== Segment start ==
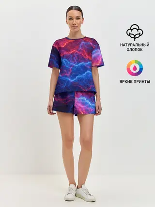 Женская футболка оверсайз / Молнии: Огонь и лед
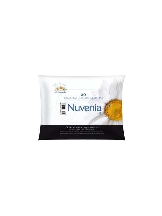 Indas Nuvenia toallitas desmaquilladoras limpia en profundidad la piel del rostro y elimina todo resto de maquillaje e impurezas. Aporta una gran hidratación y combate la sequedad de la piel, gracias a su alto contenido en compuestos humectantes.
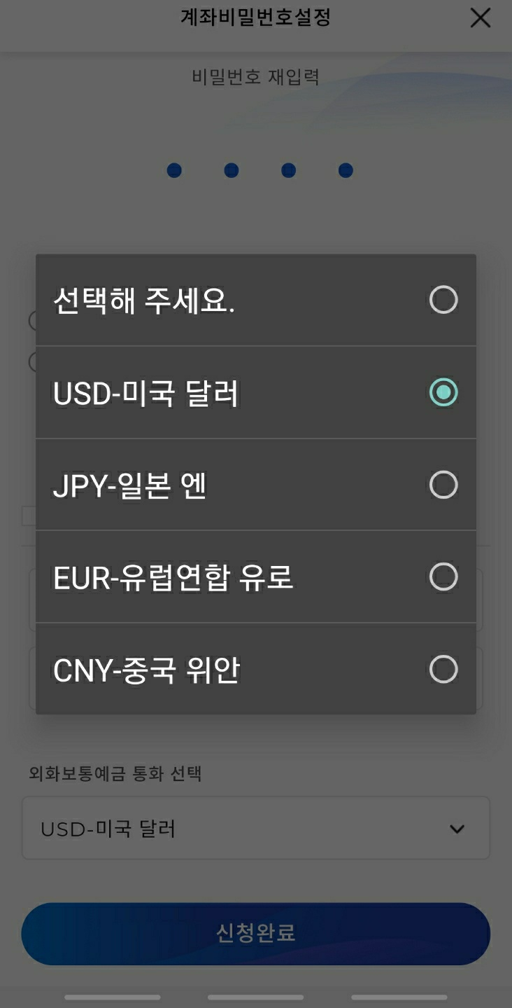 외화계좌 개설 후에 어플 초기화면에 들어가면
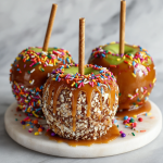 We’re not just making any caramel apples. We’re creating a whole experience. Imagine the crisp snap of a fresh apple giving way to a layer of rich, creamy, impossibly smooth caramel. Now, picture that same apple rolled in a carnival of toppings—crunchy Oreos, salty pretzels, melty peanut butter cups, or a shower of colorful sprinkles. This is the kind of treat that turns an ordinary afternoon into a memory and makes any gathering feel like a celebration.
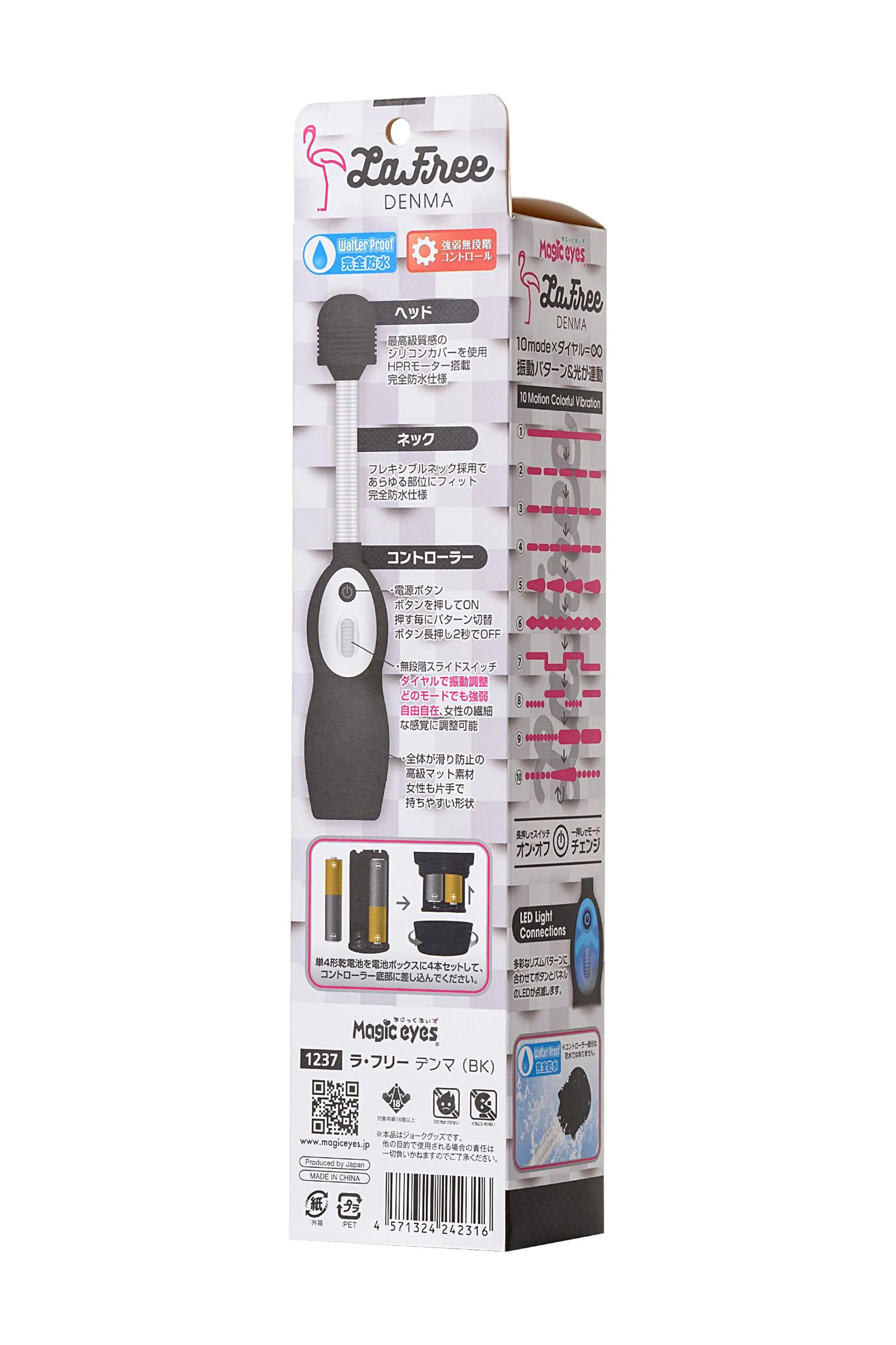 LaFree DENMA Magic Eyes — японский вибромассажер, который делает повседневную жизнь приятнее. Он легко совмещает в себе полезный функционал сразу двух устройств: мощного массажера и стимулятора эрогенных точек. С ним вам не придется выбирать между яркой сексуальной разрядкой и расслабляющим массажем. Просто попробуйте пройтись большой силиконовой головкой массажера по отдельным участкам тела. Почувствуйте, как отменно прорабатывают их 10 режимов вибрации. А потом согните «шею» стимулятора под нужным вам углом наклона, чтобы познакомиться с магией точечного массажа. Используйте LaFree DENMA Magic Eyes во время прелюдии для стимуляции клитора, после изнурительных тренировок включайте его для снятия усталости или массируйте им проблемные зоны — вам понравится его эффективная работа в любом сценарии. Подходит для возбуждающего, расслабляющего и антицеллюлитного массажа. Обладает водонепроницаемой поверхностью для комфортной очистки вибромассажера. Произведен из проверенных и безопасных для здоровья материалов, которые прослужат долгие годы. Позвольте своей жизни заиграть новыми красками с японским вибромассажером LaFree DENMA Magic Eyes
== Segment end ==
* TASK DETAILS: Extract the part of the records that opens with the line containing "Indas Nuvenia toallitas" and closes with the line containing "외화계좌 개설 후에 어플 초기화면에 들어가면". Take only those lines, exactly, and no pictures.

* ANSWER AREA:
 Indas Nuvenia toallitas desmaquilladoras limpia en profundidad la piel del rostro y elimina todo resto de maquillaje e impurezas. Aporta una gran hidratación y combate la sequedad de la piel, gracias a su alto contenido en compuestos humectantes.
 외화계좌 개설 후에 어플 초기화면에 들어가면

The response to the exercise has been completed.